As night approached Brother Captain Thelysius sat thinking in the Chapel Barracks of his Chapters forward base. He belonged to the Blood Hounds, a successor chapter to the Blood Ravens. The Blood Hounds move quickly, and often. Mounted on armoured vehicles, they strike quickly and withdraw unseen, their presence never betrayed, no trace of their existence is ever left behind, only the battered and burning remains of their enemies and their camps.

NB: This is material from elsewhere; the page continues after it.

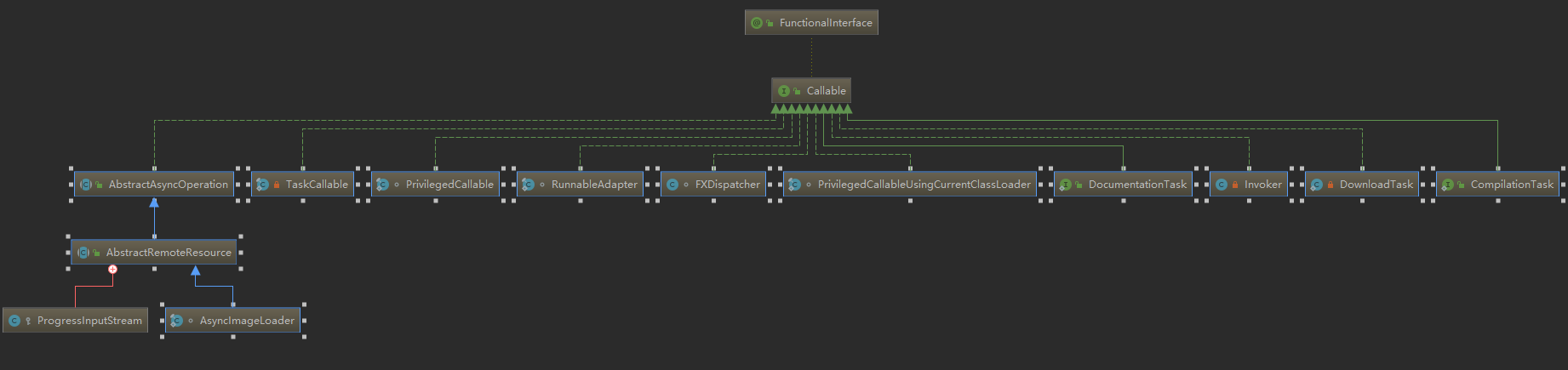 TaskCallable类是javafx.concurrent.Task类的静态内部类,TaskCallable类主要是实现了Callable接口并且被定义为FutureTask的类,并且在这个类中允许我们拦截call()方法来更新task任务的状态。源代码如下所示。

His company had just performed a raid on a small Ork encampment. They had ridden in fast, their Rhinos penetrating far into the encampment before letting off their deadly payload, covering their exit with accurate storm bolter fire. The razorbacks quickly encircled the encampment, letting out various tactical squads armed with plasma guns and bolters, hailing the Orks with Heavy Bolter fire. The squads from the Rhinos carried flamers, burning everything within a wide radius of them. Slowly moving out from the centre of the encampment, they burned anything and everything. The smell of burning flesh and cloth filled the air as liquid flame ignited everything it touched. Plasma burnt holes through Orks, leaving skeletons exposed, body parts barely attached. The ground was a sea of blood. The Orks tried to react, grabbing for shootas and choppaz, but the attack was far too swift and the Space Marines sustained few casualties. After just 10 minutes of fighting the battle was over. Burning Orks and tents lay everywhere. The apothecaries rushed forward, tending to the wounded and retrieving the chapters due from those brave warriors who died in battle. A chaplain walked among the dead, reading out rites of battle, honours and the names of those brothers who fell in service. All marines were on one knee, thanking the Emperor for their survival and victory, asking for blessing for those who died in His glorious name. A thick column of black smoke arose from the camp, a beacon of death. A librarian chanted, and the smoke took the form of a howling wolf with blood dripping from its jaws, the symbol of the Blood Hounds, a warning to all those who oppose the Emperor.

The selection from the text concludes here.